Thread bare.
This weekend, Erik and I walked to the San Diego Aerospace Museum (in the furthest possible corner of Balboa Park from us, grumble grumble grumble) for the annual Thread Show, a consortium of fashion/style/accessory/music/food/coffee stuff. We got ourselves on the early bird list, so we only had to pay $5. Thank all that is holy we didn't pay any more than that.
I had heard that Korova coffee would be there, my mostfavoritest coffee shop, but all they had were giant pots of drip-brewed coffee that you had to pay for. Pshaw. The DJ was pretty good, granted, but the sum total of the experience was so limp.
Centered in the arena's stage, as well as at a smattering of pedestals around the floor, were these "models." They were dressed in various designers' best fares, and holding signs. The outfits were fine. A little over-trendy, but generally fine. But the hair and makeup? Holy god. It was like the makeup artists were trying to out-catwalk the catwalk. Aerosolled hair sticking out yards in various directions! Intentional frizz! Green streaky eyeshadow! Golden foundation!
Come on.
Clearly, we all know that San Diego is so the new Milan, but let's not ruin ourselves trying to inflict that opinion on others. They'll come around.
What is fashion these days, anyway, other than frantic mimics of whatever the supposed it girls are wearing, plus outlandish hair and makeup? And where do the it girls get their material? Other it girls. Everyone in attendance at the show was dressed exactly the same. (With the notable exception of this sweet boy wearing cut-off 4" inseam daisy dukes and athletic socks peeking out of the top of his mid-calf cowboy boots.) Everyone else, however, looked like they were just copying whatever Sienna Miller or Nicole Richie or one of the other barbies were wearing in the last issue of People. They all had the same tapered leg dirty-look jeans with metalic-looking flats and layered long tanks and fat wooden bangle bracelets and layers of scarf-y things. You can't just add green eyeshadow and towering hair frizz to that and pretend it's some great beacon in the fashion world.

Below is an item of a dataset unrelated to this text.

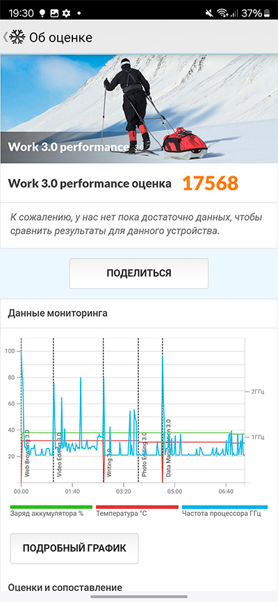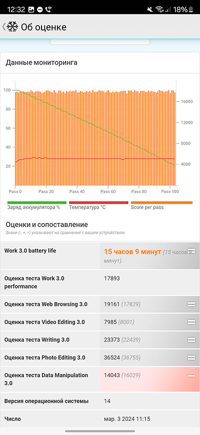Синтетический тест PCMark - важный показатель. И вот тут получилось почти ровно столько же, сколько у S23 Ultra, хотя Интернет и видео здесь протянули в полтора раза дольше.
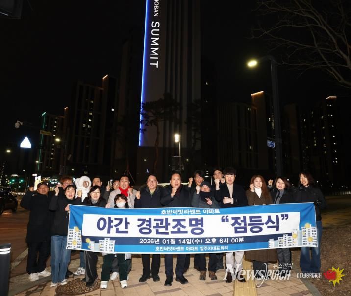 이번 점등식은 기존 옥탑부 조명을 보완해 새롭게 설치한 ‘라인 경관조명’의 본격적인 가동을 알리는 행사로, 아파트 외벽을 따라 조성된 경관조명이 점등되며 단지 전반의 야간 경관이 한층 밝고 쾌적하게 개선됐다.

That's not style. That's doing what someone else is doing. Style can be inspired, sure. But a carbon copy doesn't involve any imagination, any uniqueness, or anything really that daring. Please note that I'm far from being daring or imaginative with my own fashion, but these people claim style, whereas I, on the other hand, fully admit to shopping at the mall sale racks.
Ergo, it was pretty disappointing and my maryjanes gave me an ugly blister on the walk home. Stupid fashion show.